2005–06 Hong Kong Senior Shield

Tournament details
- Country: Hong Kong
- Teams: 8

Final positions
- Champions: Kitchee (5th title)
- Runners-up: Happy Valley

Tournament statistics
- Matches played: 7
- Goals scored: 15 (2.14 per match)

= 2005–06 Hong Kong Senior Shield =

The Hong Kong Senior Shield 2005–06 was the 104th staging of the Hong Kong's oldest football knockout competition.

The competition started on 4 March 2006 with 8 Hong Kong First Division League clubs and concluded on 18 March 2006 with the final.

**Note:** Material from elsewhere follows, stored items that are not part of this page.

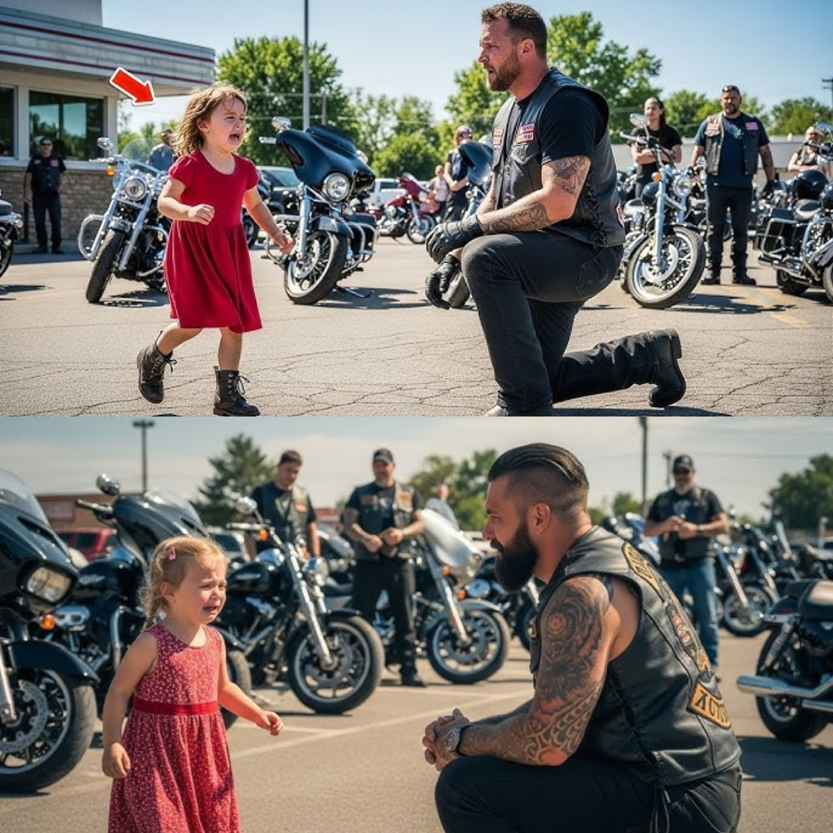 🏍️💔Une petite fille a couru vers les motards en criant : « Ils frappent ma mère ! » — Ce que les motards ont fait a laissé tout le monde sous le choc
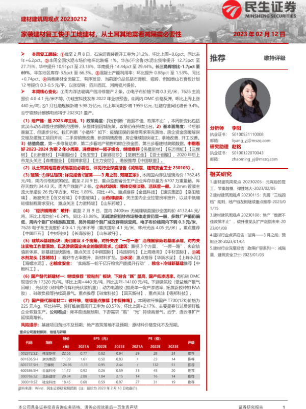 【民生证券】【20230212】建材建筑周观点:家装建材复工快于工地建材,从土耳其地震看减隔震必要性-26页 行业研究
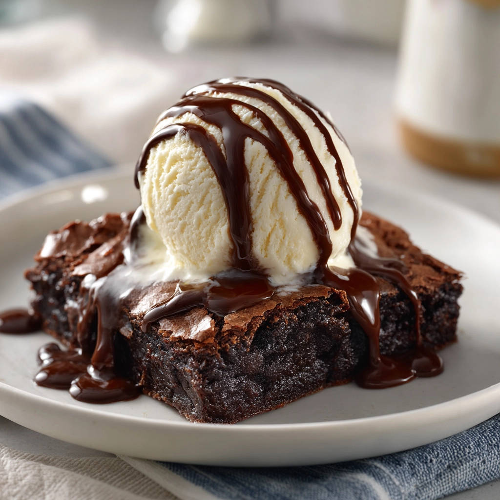 - To serve, place a warm (or room temperature) brownie on a plate, top with a scoop of vanilla ice cream, drizzle generously with warm chocolate sauce, and sprinkle with chocolate sprinkles or crushed cookies. Enjoy that perfectly fudgy bite!
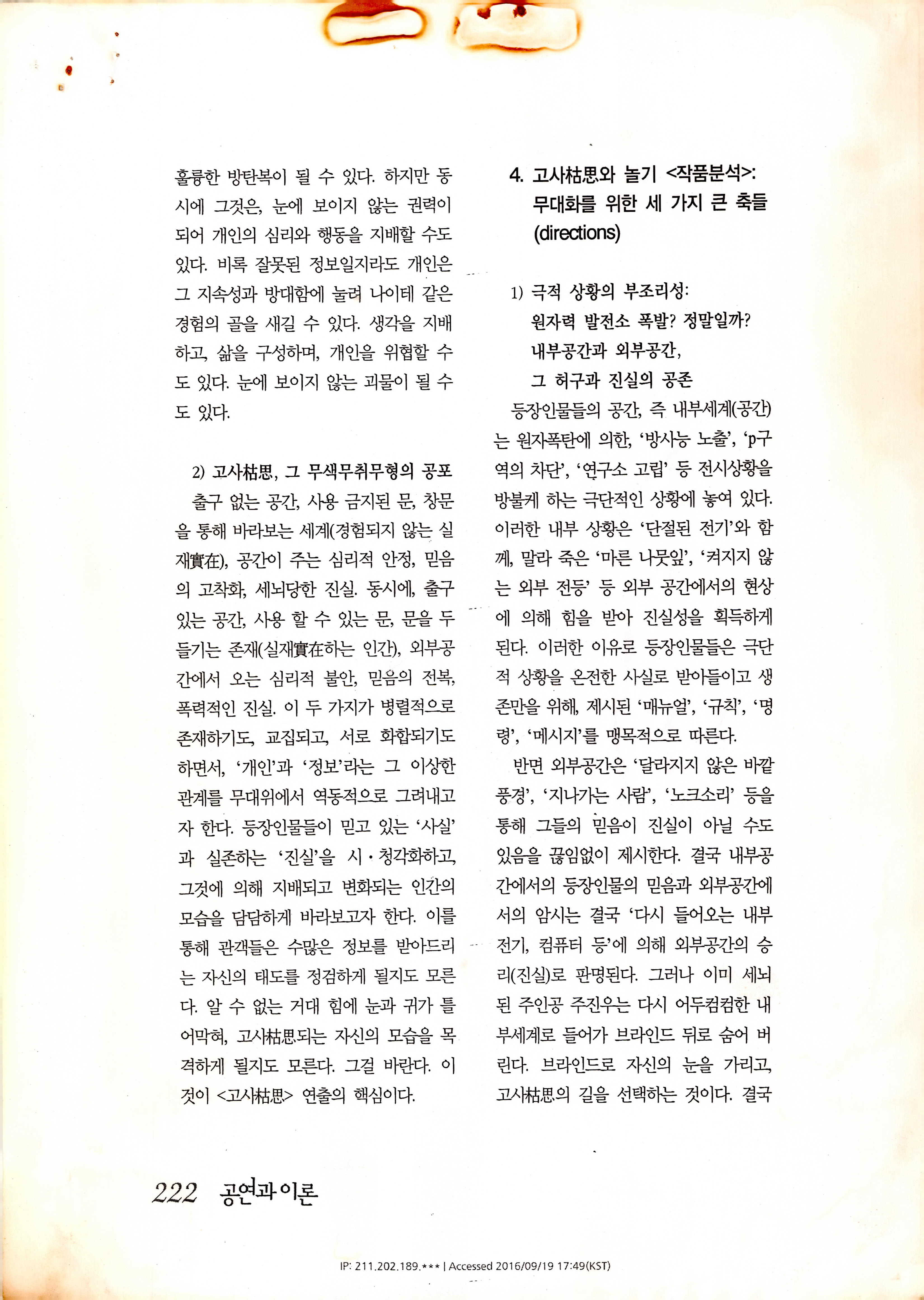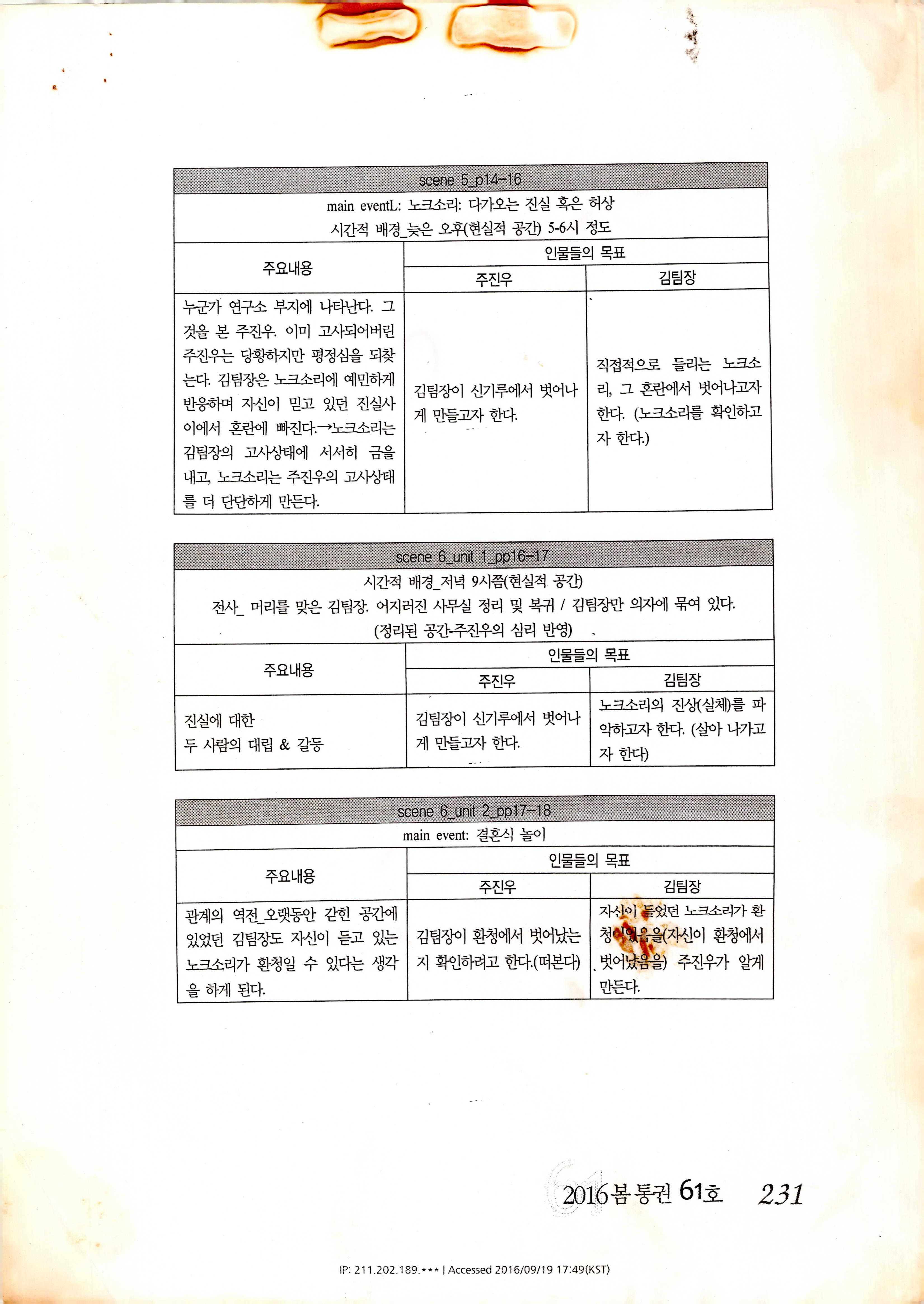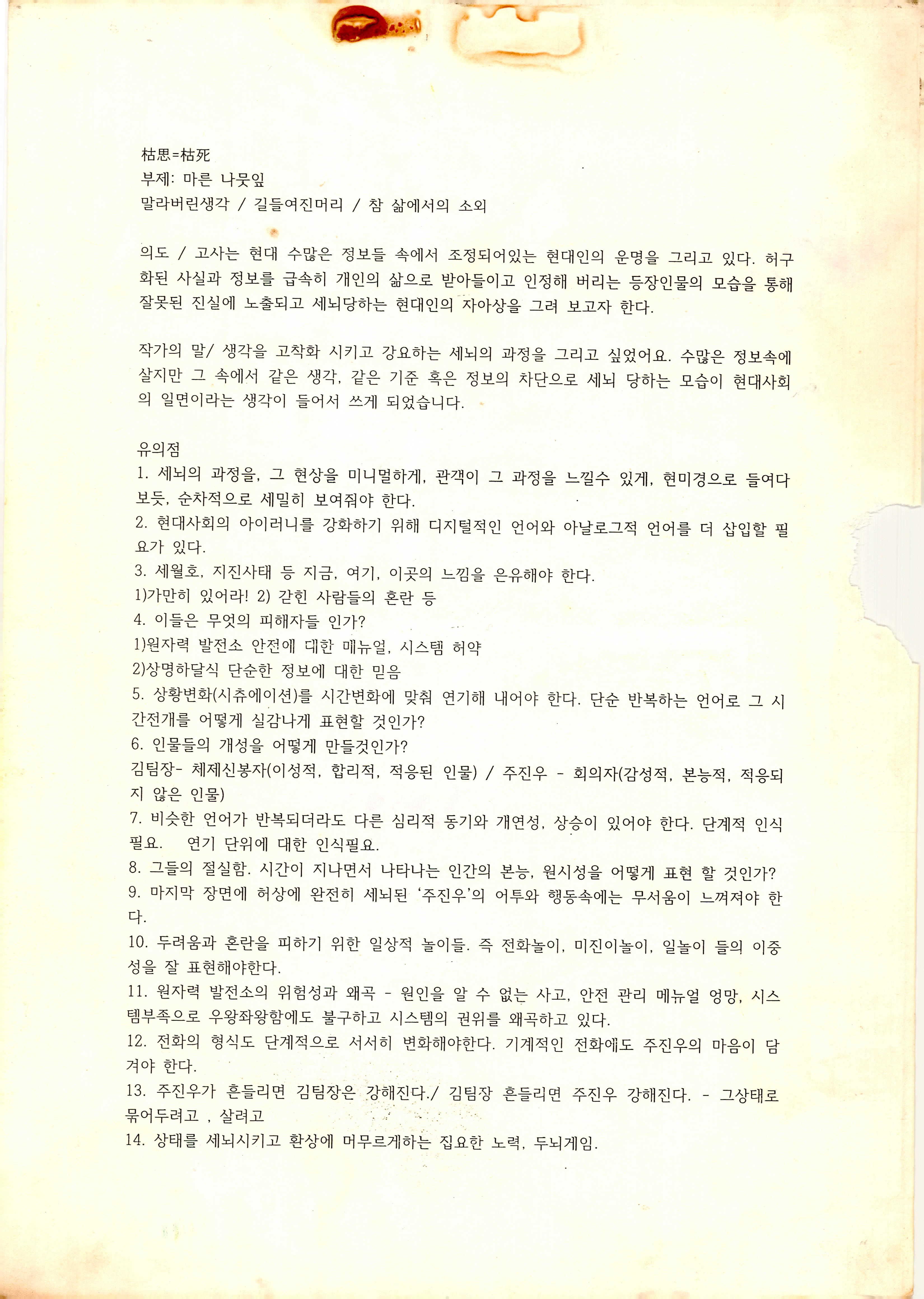 「枯思(부제: 마른 나뭇잎)」 대본집
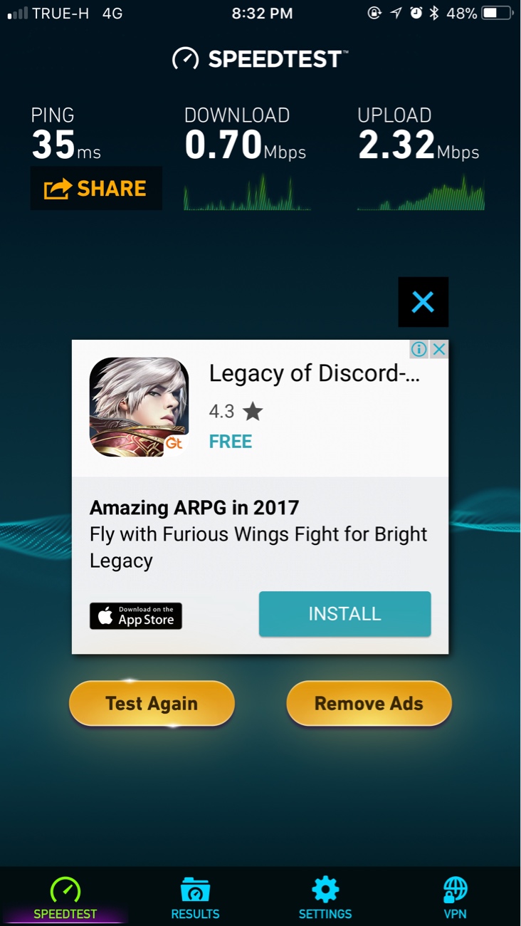 สัญญาณก็มีแค่ขีดเดียว แถม ความเร็วที่ได้ก็ตามนี้เลยอะครับ ขนาดเล่นแค่ ig ก็ยังหมุนเป็นเต่า (ไม่ได้ติด fub แต่อย่างใด)

Kitchee captured their 5th title of the competition after beating Happy Valley by 3-0 in the final.

==Fixtures and results==

===Quarterfinals===
4 March 2006
 14:00
Kitchee 2-0 South China
  Kitchee: Keith Gumbs 63', Kwok Yue Hung 82'
----4 March 2006
 16:00
Xiangxue Sun Hei 2-0 Buler Rangers
  Xiangxue Sun Hei: Lico 27', Andre 71'
----5 March 2006
 14:00
Dongguan Lanwa 1-0 Hong Kong 08
  Dongguan Lanwa: Stephen Musah 90'
----5 March 2006
 16:00
Happy Valley 3-0 Citizen
  Happy Valley: Oliverira 50', Fabio 70', Evanor 85'

===Semi-finals===
12 March 2006
 14:00
Kitchee 2-0 Dongguan Lanwa
  Kitchee: Keith Gumbs 10' (pen.), Kwok Yue Hung 60'
----12 March 2006
 16:00
Happy Valley 1-1
(AET) Xiangxue Sun Hei
  Happy Valley: Oliveira 92'
  Xiangxue Sun Hei: Lico 99'

===Final===
19 March 2006
 15:00
Kitchee 3-0 Happy Valley
  Kitchee: Keith Gumbs 45', 90', Ivan Jević 86'

==Top goalscorers==
- 4 goals
- Keith Gumbs of Kitchee

- 2 goals
- BRA Lico of Xiangxue Sun Hei
- HKG Kwok Yue Hung of Kitchee
- BRA Clodoaldo de Oliveira of Happy Valley

- 1 goal
- Stephen Joseph Musah of Dongguan Lanwa
- BRA André of Xiangxue Sun Hei
- Ivan Jević of Kitchee
- BRA Fábio Lopes Alcântara of Happy Valley
- BRA Evanor of Happy Valley

==Prizes==

===Teamwise===
- Champion: Kitchee (HK$80,000)
- First Runners-up: Happy Valley (HK$20,000)
- Knock-out in the Semi-Finals: Dongguan Lanwa and Xiangxue Sun Hei (HK$10,000 each)
- Knock-out in the Preliminary: Buler Rangers, Citizen, Hong Kong 08 and South China (HK$5,000 each)

===Individual awards===
- Top Scorer Award: Keith Gumbs of Kitchee
- Best Defender Award: Ivan Jević of Kitchee
Each player received a prize of HK$5,000.

==Trivia==
- The pre-match of the Senior Shield final was All Hong Kong Schools Jing Ying Football Tournament final between Yan Chai Hospital Tung Chi Ying Memorial Secondary School and Beacon College. Tung Chi Ying captured the champion by winning 5-1.